A system for improving signal timing measurement resolution for an asynchronous measurement signal, the system being adapted to produce multiple phase shifted timing outputs, each having a fixed phase and being representative of timing information for the asynchronous measurement signal, and combine the multiple phase shifted timing outputs to provide a single combined timing output. Preferably but not essentially, the system is configured to produce the multiple phase shifted timing outputs using multiple fixed phase shifted clocks; multiple counters each one associated with one of the phase shifted clocks; and multiple samplers each one associated with one of the phase shifted clocks and its counter, wherein each clock, counter and sampler combination is used to sample the asynchronous measurement signal to produce a timing output, thereby to provide multiple phase shifted timing outputs.

Description

CROSS-REFERENCE TO RELATED APPLICATION(S)

This application claims priority under 35 U.S.C. 119 to United Kingdom Patent Application No. 1514936.2, filed Aug. 21, 2015, which is incorporated herein by reference in its entirety for all purposes.

FIELD

Described herein is a method for increasing the resolution of clock based measurements, such as wander measurements. In particular, the invention relates to packet switched network in-line testers and test methods with improved wander measurement resolution. The invention is particularly suited for implementation on a field programmable gate array (FPGA) circuit.

BACKGROUND

Traditionally, when an FPGA measures an asynchronous signal, the measurement is made using registers clocked off the FPGA fabric clock. The frequency of that fabric clock dictates the resolution of the measurement. FPGA fabric clocks are currently limited to a few hundreds of MHz. Therefore, the resolution tends to be a few nanoseconds. For some applications, for example the measurement of wander in a telecommunications network, this intrinsic FPGA clock resolution can limit measurement accuracy.

SUMMARY

According to an aspect, there is provided a system for improving signal timing measurement resolution for an asynchronous measurement signal, the system being adapted to: produce multiple phase shifted timing outputs, each representative of timing information for the asynchronous measurement signal, and combine the multiple phase shifted timing outputs to provide a single combined timing output.

A plurality or each of the multiple phase shifted timing outputs may provide a fixed phase timing output.

The system may be configured to produce the multiple phase shifted timing outputs using multiple phase shifted clocks; multiple samplers each one associated with one of the phase shifted clocks and its counter, wherein each clock and sampler combination is used to sample the asynchronous measurement signal to produce a timing output, thereby to provide multiple phase shifted timing outputs.

Each of the phase shifted clocks may be a fixed phase shifted clock, i.e. the phase of each clock may be fixed, unchangeable or non-dynamic.

The system may be configured to produce the multiple phase shifted timing outputs using multiple phase shifters for producing multiple phase shifted copies of the asynchronous measurement signal and multiple samplers, each one for sampling one of the multiple phase shifted asynchronous measurement signals to produce a phase shifted timing output, thereby to provide multiple phase shifted timing outputs.
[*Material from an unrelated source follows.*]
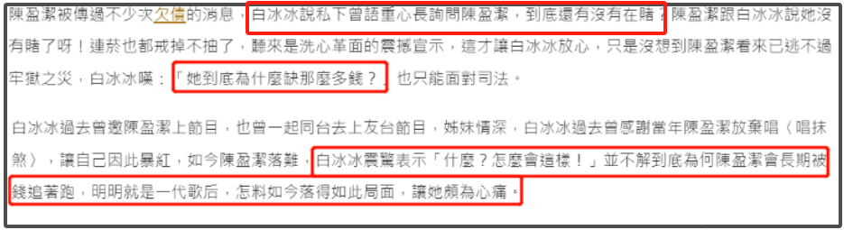 因为赌博,陈盈洁反复负债,丈夫无奈礼聘和她区分,债务越滚越多,陈盈洁就去骗,伪造亲姐妹签名给我方担保去借钱,因为作秀触违治安,70岁了还要蹲监狱。

In this case, a single clock and a single counter may be used to provide timing information.

The single combined output may be produced using an adder that is configured to add the multiple timing outputs to provide the single combined timing output.

The timing output may be a duration/period of the asynchronous measurement signal.

The multiple phase shifted timing outputs may be phase shifted by 90 degrees.

Four phase shifted timing outputs may be provided.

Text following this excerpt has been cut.